平成19年10月30日
思春期は大人への脱皮の時期。この時こそ親の真価が問われます。親としてどのようなコミュニケーションが必要かを、具体的な事例を通して考えてみたいと思います。今回は中学2年生のA子ちゃんとそのお母さんのBさんの事例です。
A子ちゃんが「お母さんお願いがあるの。」と話しかけてきました。「何なの?」と尋ねると、A子ちゃんは「化粧品を買ってほしいんだけど」と切り出しました。やっぱり!Bさんは「いくらなの?」ときくと、A子ちゃんは「5千円」と答えました。
Bさん自身は安い化粧品で我慢しています。子どもにはそんな高い化粧品は必要ないと思いました。すぐにダメと言っても言うことをきかないだろうから「考えとく」と言って、買い気にはやる気持ちを冷ますことにしました。
すると、A子ちゃんが急に怒り出したのです。「もう、いい!お母さんはいつもそうなんだから。」と言い放ち、ドアをバタンと締めて自分の部屋に行ってしまいました。Bさんもその態度に腹が立ちました。

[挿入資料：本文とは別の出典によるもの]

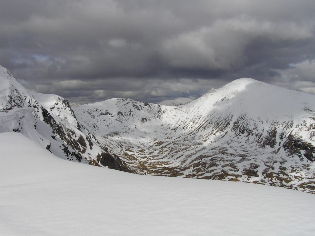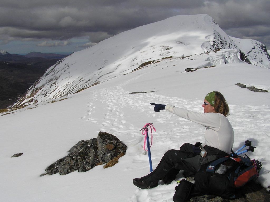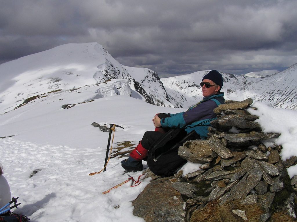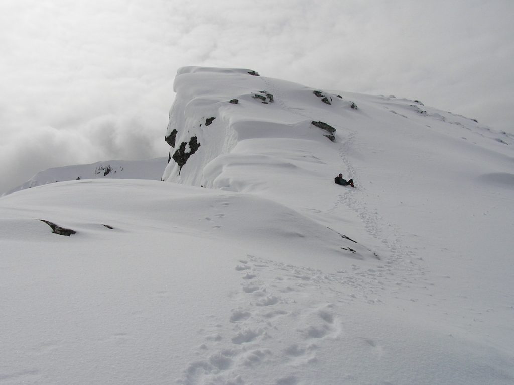 The initial ascent was steep initially on to the ridge, followed be a gentle walk up to the first snowless summit. Dave disturbed a pair of black grouse and Betsy found a feather which she kept as a souvenir. Ice axes came out for the second summit with opportunities for dramatic photos. There was an alpine-worthy cornice that we avoided carefully.
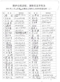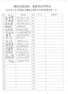 参与本次集体上访请愿行动的上海市民代表有 120位签名。希望人大领导高度重视.(附签名名单复印件)
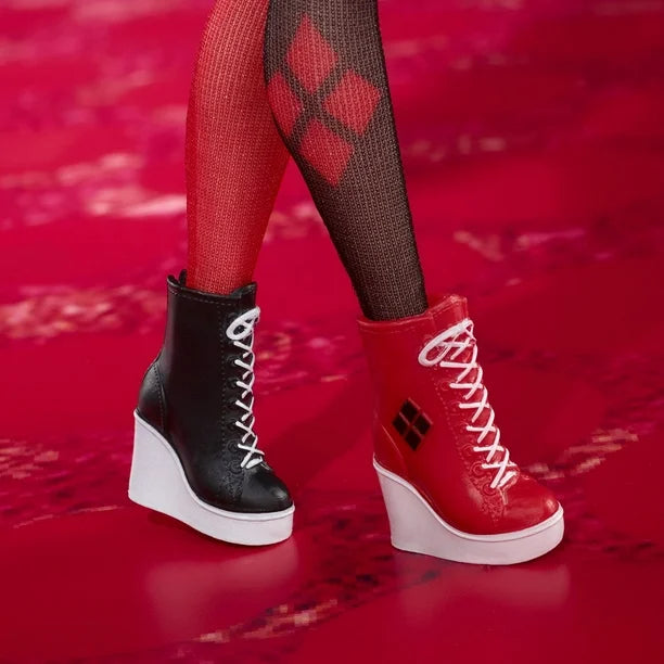 - This Barbie Signature Harley Quinn doll rocks her iconic rebellious red-and-black look with matching top, shorts, and thigh-high socks
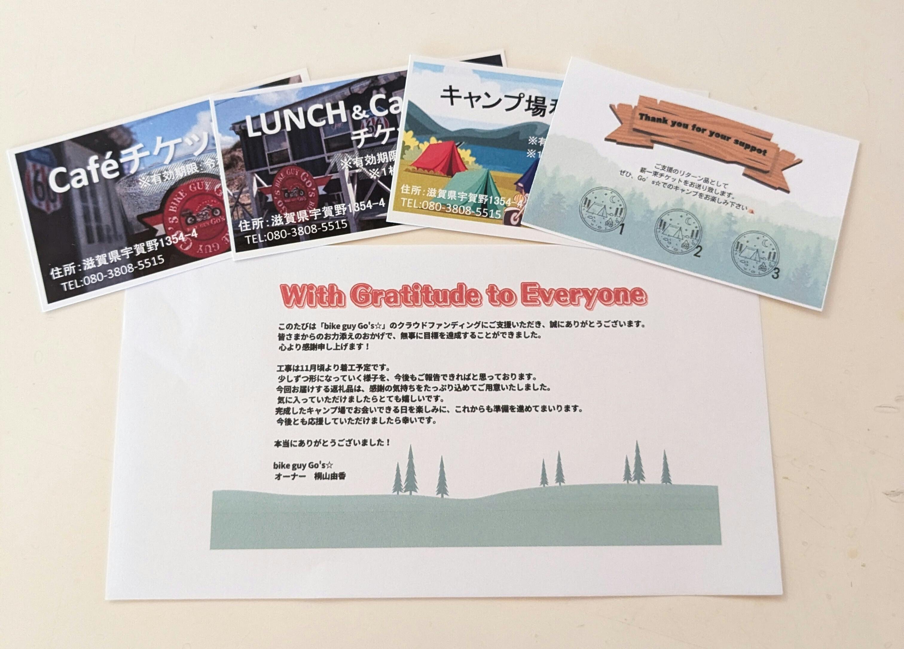 ●完成したキャンプ場の利用券、カフェチケット、地元のお米などをご用意いたしました!
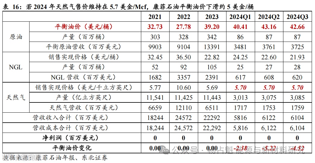 通过敏感性分析,我们发现:若2024年天然气价格维持在2美金/Mcf,西方石油平衡油价下滑约3美金/桶;若所得税打七折,西方石油平衡油价下调约2美金/桶,变化均不大。
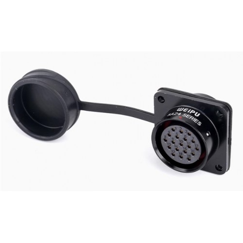 Роз'єм Weipu SA2413/S19 – панельна розетка на 19 контактів, з кріпленням до панелі на 4 гвинта. Призначена для роботи з напругою 400 В та струмовим навантаженням до 5 А, має посадковий діаметр 24 мм.
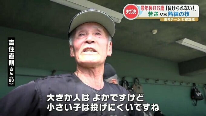小学生の子どもたちと、古希(こき)の野球チームが対戦する野球大会が開かれました。若さか、熟練の技かどちらに軍配が上がったでしょうか。
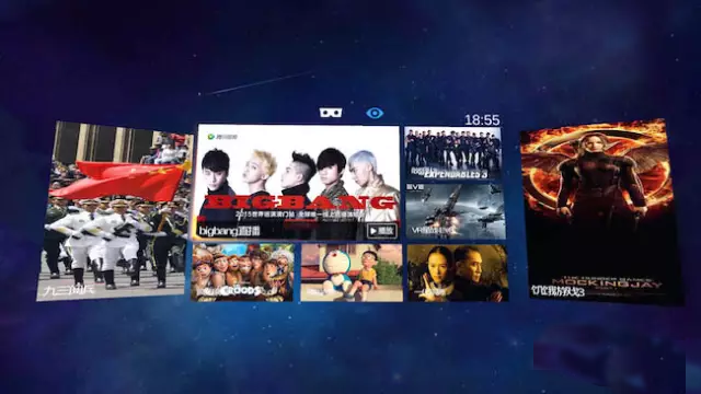 由于是小范圍推廣,不得不說下載這個應用費了點時間。打開應用首先默認進入一段VR影院模式,一段3D《復聯(lián)2》的視頻過后,期間應用會提示操作方法:上下點頭調出重新定位按鈕,向下看返回。進入主頁面可以發(fā)現(xiàn)設計與Gear vr的系統(tǒng)操作頁面類似,不過由于是內側版本,所以只有播放3D大片和觀看視頻直播的功能,還沒有播放本地視頻等功能。

少しして冷静になったBさんはA子ちゃんに尋ねてみました。「あの時どうして怒ったの?」と。するとA子ちゃんは「お母さんは、いつも『いくらなの?』とだけしか言わないじゃない。どうしてって『なぜ?』ってきいてくれないの?お母さんは私のことよりお金のことが心配なんだ、そう思って寂しくなって・・・。」と本心を話してくれました。
Bさんは家計を預かっている立場からついつい高いか安いかを先に考えるようになっていた自分に気が付いたそうです。日常の忙しさの中で、“本当に大切なもの”を忘れて、親子のコミュニケーションが表面的になってしまった典型です。
A子ちゃんが化粧品を欲しいと言ったのは、ある店でもらった化粧品のサンプルを顔につけたらニキビが治ったからです。そういうことが分かったならBさんも、「他にもニキビに効くのがあるかも知れないから、お母さんも探してみるね。」という会話の展開も考えられたかも知れません。“本当に大切なもの”は何?時々、意識してみたいですね。